Precision : 25-bit That doesn't look right

-- The University of Edinburgh is a charitable body, registered in Scotland, with registration number SC005336.

dreamk73 commented 7 years ago

I have no idea how it thinks the precision is 25-bit, I agree with you that it looks strange. My boss converted the files for me to another format and as you can see below from the soxi command, this looks better. But I still don't get any useable Merlin output.

Input File : '/data/esther/rs_merlin_data/sophie/wav48_kare/sn001_sent001.wav' Channels : 1 Sample Rate : 48000 Precision : 16-bit Duration : 00:00:09.39 = 450560 samples ~ 704 CDDA sectors File Size : 901k Bit Rate : 768k Sample Encoding: 16-bit Signed Integer PCM

sent001_2.wav.txt

dreamk73 commented 7 years ago

Some files give me this error when extracting acoustic features using the WORLD vocoder:

x2x : error: input data is over the range of type 'float'!

RasmusD commented 7 years ago

Did you use rawtowav or raw2wav?

raw2wav has a bug in it that makes it output bad wav files. Could that be it?

2017-09-25 22:42 GMT+09:00 Esther Judd-Klabbers notifications@github.com:

Some files give me this error when extracting acoustic features using the WORLD vocoder:

x2x : error: input data is over the range of type 'float'!

— You are receiving this because you were mentioned. Reply to this email directly, view it on GitHub https://github.com/CSTR-Edinburgh/merlin/issues/247#issuecomment-331884821, or mute the thread https://github.com/notifications/unsubscribe-auth/AEyDp1vdF7ZFXujsh-O29tuYo58fUS45ks5sl63DgaJpZM4PfE4K .

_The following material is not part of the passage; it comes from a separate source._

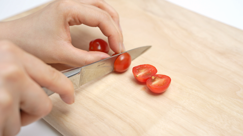 방울토마토는 반으로 잘라주세요.

dreamk73 commented 7 years ago

My SPTK version only has rawtowav.

But the problem has been solved now. It wasn't in the conversion at all, but a stupid mistake on our end. For this particular speaker, we had recorded with a long silence at the start to overcome difficulties with the connection and when we created the 22kHz versions and label files, we cropped them. So in training models in Merlin with the 48kHz, a lot of the labels actually had silence in them.

I now use sox to convert the unheadered cropped 48kHz files using: sox -V4 -v 0.8 -t raw -r 48000 -c 1 -b 32 -e floating-point in.wav -r 48000 -c 1 -b 16 -e signed-integer out.wav

Sox still complains about clipping in a small number of samples (1-3 per file), but I can train Merlin now with this data.